Explorer l’exposition Mondes et merveilles : le voyage surréaliste d’Alan Glass, au Musée des Beaux-Arts de Montréal (MBAM), c’est un peu comme entrer dans un univers où le chaos côtoie le contrôle.
C’est aussi, à l’aide d’une centaine oeuvres de toutes sortes, découvrir la vie et les créations d’un homme qui semble avoir vu et vécu bien des choses. Né à Montréal, durant la Grande Dépression, puis parti à Paris pour étudier l’art, quelques années seulement après la fin de la guerre, Glass passera les décennies suivantes à Mexico, capitale bouillonnante et certainement joyeusement bordélique à l’occasion. Mort en 2023, l’artiste a ici droit à une toute première exposition individuelle en sol canadien.

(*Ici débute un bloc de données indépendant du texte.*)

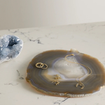 A beautiful agate display piece or can be used as a coaster. This slice is made from natural agate which is believed to bring about calm and enhance mental function. Keep it on your desk for when you need to focus.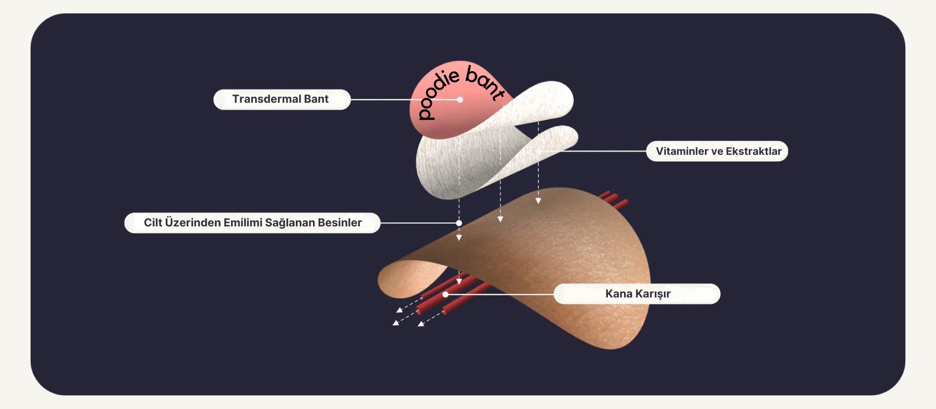 Her bir Poodie Bant, besinlerin sindirimini tamamen atlayarak cilt yoluyla kan dolaşımına iletmek üzere özenle tasarlanmıştır.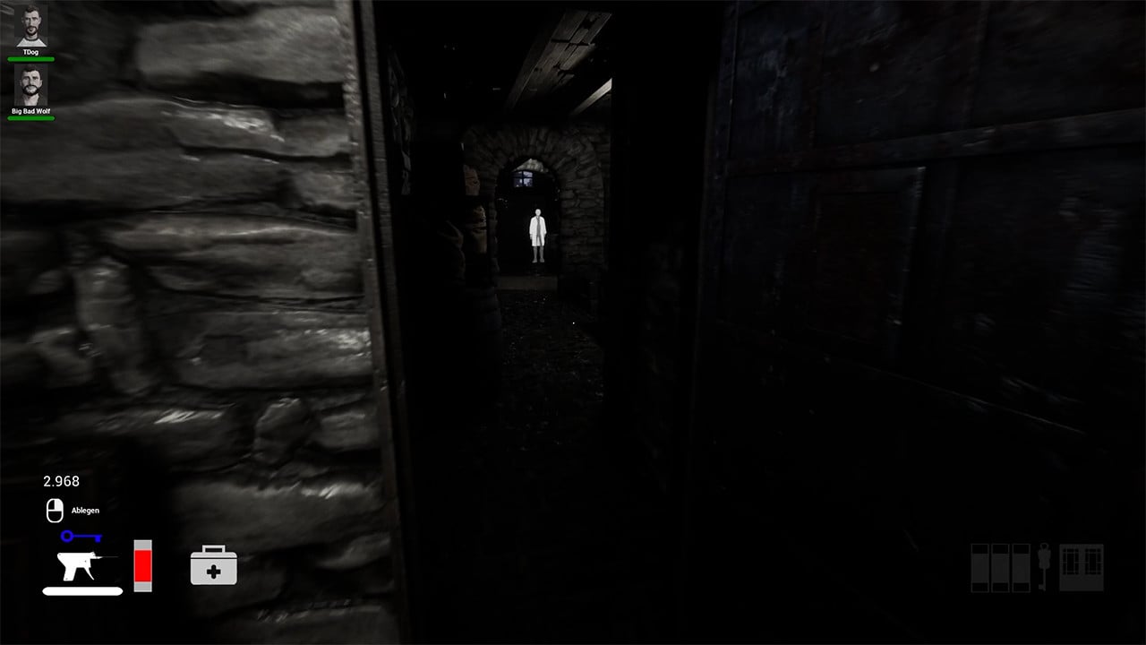 Противник издает множество шума, а также его можно заметить по тени, отбрасывающийся на стенах за углами. Это позволит вовремя среагировать и спрятаться от него. Монстр применяет посторонние звуки или громкие действия со стороны выживших, чтобы обнаружить добычу. В определенной комнате находится аптечка, помогающая исцелить раны и воспользоваться вторым шансом после ловли.

Chaos et contrôle, donc, car ce que l’on découvre, une fois que l’on a franchi les portes du musée, c’est une expérience en trois temps. Et ce tryptique, qui correspond à la fois à des périodes de la vie de l’artiste, mais aussi à des façons de faire, des méthodes de création, se décline en différentes réalités, si l’on veut. Du dessin aux objets trouvés, en passant par un parcours plus spirituel, oeuvres picturales à l’appui, pour terminer avec de gigantesques et fascinantes boîtes remplies d’articles réunis selon des thèmes bien précis, Glass étonne, détonne, ébranle nos certitudes.

On pourrait presque penser, d’ailleurs, que tout cela a un côté un peu enfantin, à l’instar de ces amoncellements de trucs, bidules et autres colifichets collectionnés par les plus jeunes d’entre nous. Or, la réalité est tout autre: plus l’on scrute ces créations, plus l’on observe ces objets soigneusement recueillis, conjugués, colorés, agrémentés de décorations et d’accessoires, plus l’on pénètre dans l’imagination de l’artiste.

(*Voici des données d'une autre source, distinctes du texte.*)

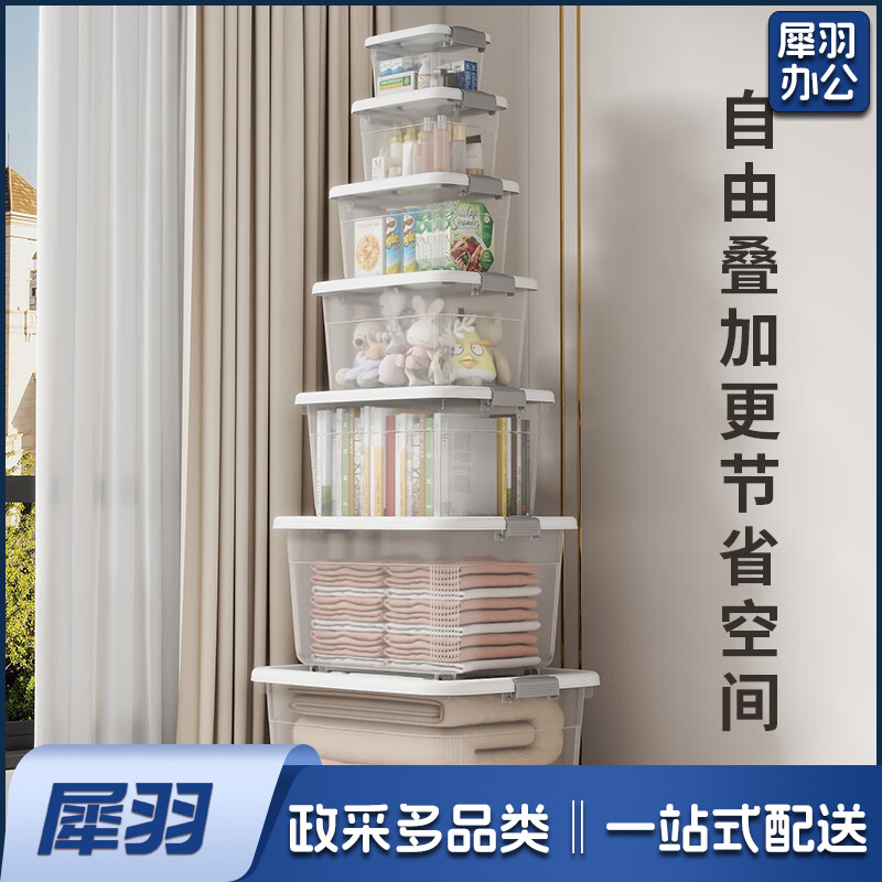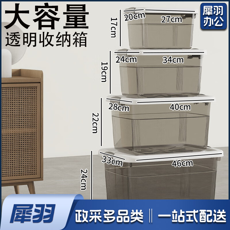 塑料衣物收纳箱整理箱箱整理箱塑料储物箱子全透 中号 34*24*19cm 透明白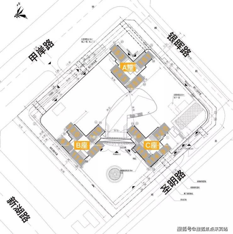 项目三栋住宅均为塔楼设计,A座三梯四户,B座、C座均为三梯五户,各栋户型分布平面图如下: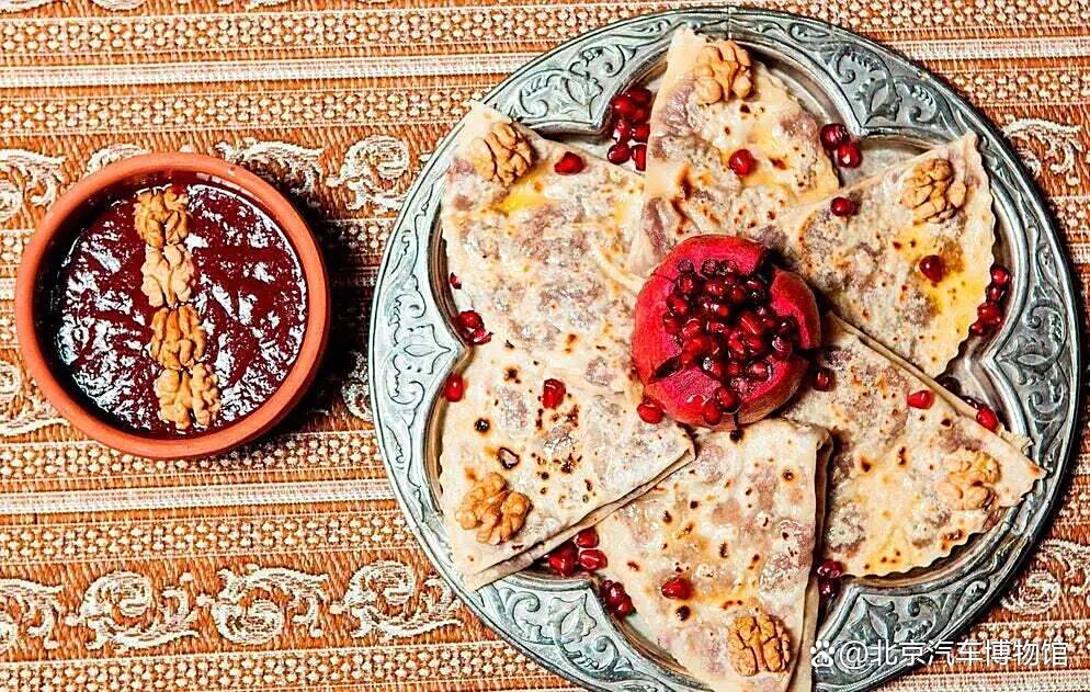 除了抓饭外,烤饼也是伊斯兰传统美食。阿塞拜疆人尤其喜欢一种名为古特伯的半月形烤面饼。其制作工艺独特,先在薄薄的圆形面饼中巧妙地填充各类馅料,再经过封口捏形,最终呈现出形似“馅饼盒子”的诱人外观,食用时搭配独特的酸奶酱,口味独特。

Ce monde est à la fois surchargé et simple, à la fois violemment perturbateur et capable de nous calmer. Comme si, à travers l’au-delà, Alan Glass nous tendait la main pour venir visiter sa maison de Mexico. Là où, semble-t-il, même la salle de bain était remplie d’objets.

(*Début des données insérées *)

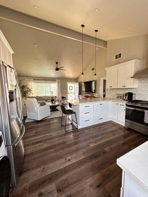 Newly renovated multi-unit, two-bedroom, one bath, front unit with two car driveway parking. Includes full patio, yard and half of two-car garage for storage. Open concept living room with high ceilings, central heating, and open kitchen with quartz counter tops, and marble backsplash. House will include dishwasher & stove. Tenant must provide their own fridge and W/D units. All utilities are included except for electricity. Tenant will solely pay electrical bill. Landscape, trash, water, and gas are covered. This is a shared property; tenant Must be respectful of back unit. This is a beautiful home in a great neighborhood; adjacent to beach cities, such as El Segundo, Manhattan Beach, etc.

Lors du vernissage, mardi, Elisabeth Otto, conservatrice adjointe de l’art québécois et canadien au MBAM, a d’ailleurs expliqué que le choix des oeuvres à exposer s’est effectué en collaboration avec le Museo del Palacio de Bellas Artes, à Mexico, d’où provient d’ailleurs la majorité des oeuvres présentées ici.
« Ce sont des oeuvres qui se rassemblent autour des thèmes [de l’exposition], comme le voyage: on commence ainsi à Paris, dans les années 1950, avec une série d’oeuvres qui sont importantes, car il s’agit des mêmes oeuvres qui ont été mises de l’avant par André Breton, le cofondateur du surréalisme », a-t-elle indiqué.
« Il s’agit de dessins automatiques, qui forment la fondation de l’oeuvre » de Glass, a poursuivi Mme Otto.
« Ensuite, le deuxième grand sujet, ce sont les amitiés. On a ainsi une sélection de boîtes, contenant des objets, qui sont liées à des amis très proches. »
Toujours selon Mme Otto, ses collègues co-commissaires et elle-même ont choisi de mettre de l’avant des oeuvres surréalistes, mouvement auquel s’est d’abord identifié Alan Glass.
Et ces boîtes d’objets finement travaillées couvrent une période de la vie de l’artiste qui s’étendra sur plusieurs décennies. Jusqu’à quelques semaines avant sa mort, en fait.

Voilà par ailleurs plusieurs décennies que le MBAM possède une dizaine d’oeuvres de M. Glass, oeuvres qui n’avaient, jusqu’à présent, jamais quitté les réserves de l’institution. Pourquoi? Selon Mme Otto, les raisons sont multiples. Tout d’abord, intégrer ces créations en papier au sein de la collection permanente, aux côtés des plasticiens des années 1960 et 1970, n’aurait pas « cadré » avec les thèmes de l’époque, juge-t-elle.
Ensuite, puisque ces oeuvres sont fragiles, les exposer à la lumière constante et aux autres impondérables des salles d’exposition aurait contribué à leur dégradation.
Ceci explique cela: environ deux ans après son décès, voilà qu’Alan Glass, Montréalais d’origine, Mexicain d’adoption, a finalement droit à sa propre exposition dans une institution muséale d’ici. L’occasion de découvrir le monde saisissant d’un artiste à la vision éclatée, plurielle, fascinante.